Когда вернулся в мастерскую, Сашка был там; согнувшись над тисками, пилил ожесточенно матрицу. У него всегда, когда работал, появлялось в лице и во всей фигуре выражение судорожного и несколько суетливого напряжения. Терентьич учил его: «Легше, легше! Чего на тиски, как на бабу, жмешь?» Я спросил у Сашки:
— Спал ночью?
— Почти нет.
— Почему не отпускали?
— Отпустили, да поздно. Метро не работало. Я там остался, да не спалось ни черта… — Он помолчал, вытер запястьем пот со щек. Лицо было грязное. — Не пойму, чего хотят.
— А все-таки?
— Кто их знает. Наказать для примера, что ли.
— Ну, а ты?
— Что я? Наказывайте. — Сашка пожал плечами. — Я не возражаю.
Шла война, были нужны самолеты, мы делали для них радиаторы, а все остальное не имело значения. Подошла Люда и, глядя на Сашу радостно — глаза лучились, — шепнула:
— Слава тебе господи… Я за тебя молилась…

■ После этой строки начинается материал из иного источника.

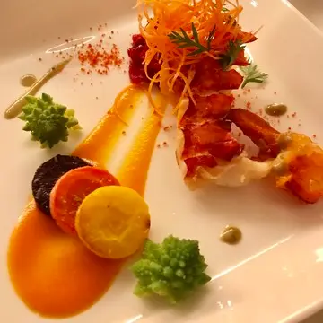 ディナーは赤の食材を使った美容に良いお料理を堪能。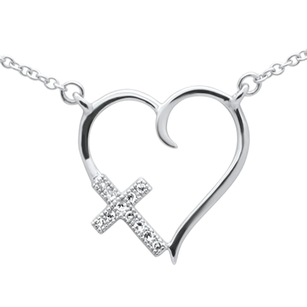 .03ct G SI 14K White Gold Diamond Heart With Cross Pendant Necklace 18" Long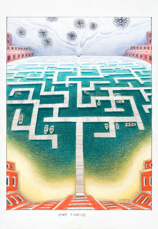 sygn. oł. śr.d. pod kadrem rys.: PORT ZIMOWY, p.d. [w kadrze]: YERKA 13

— Ну! — сказал Сашка. — Это здорово.
Он ждал, что в мастерскую придет Надя, но той было некогда. Она осталась в ЦИСе главной, пока Терентьич лечил в больнице язву, сиречь перепуг. Через три дня Терентьич явился — исхудалый, тихий, в серебряной бороде, шаркал по цементному полу, как истинный старик, ничем не интересовался, а на Сашку смотрел робко и с ожиданием. Но Сашка ему рассказывать не стал. Терентьич узнал от женщин. Как-то утром вынул из кармана и протянул Сашке свернутый кольцом старый, трепаный, из толстой кожи пояс:
— Возьми-ка… А то, гляжу, твой не годится… Штаны потеряешь… — Глядел хмуро, без улыбки. — От сына остался.
Сын Терентьича, сапер, погиб в сорок первом. Терентьич никогда о нем не говорил, будто не было сына, не было горя, и вообще на судьбу не жаловался. И поэтому теперь, когда заговорил да еще подарил сынов пояс, все удивились. Какая-то сила в душе Терентьича, делавшая ее, душу, тугой и жесткой, ослабла. И перепуг еще лихорадил старика, потому что антиповское дело не кончилось. Старику бы посидеть в больнице еще деньков пять, но страх за стеллажи — а вдруг что случится с замечательными корундовыми резцами и тончайшими, грифельного цвета надфилечками в вощеной бумаге? — этот страх пересилил. Лев Филиппович целую неделю был мрачен, ходил по коридору, не поднимая глаз, молчком, разговаривал отрывисто, и понять было нельзя, на каком мы свете. Говорили, будто его тоже вызывал Смерин и Лев Филиппович вернулся от него серый от злости и с маху зарезал громадное «требование» пятого цеха — сократил вдвое. Получился скандал, Лев Филиппович и начальник пятого орали друг на друга на лестнице. Начальник пятого орал: «Правильно говорят, разогнать вашу шарашку пора!»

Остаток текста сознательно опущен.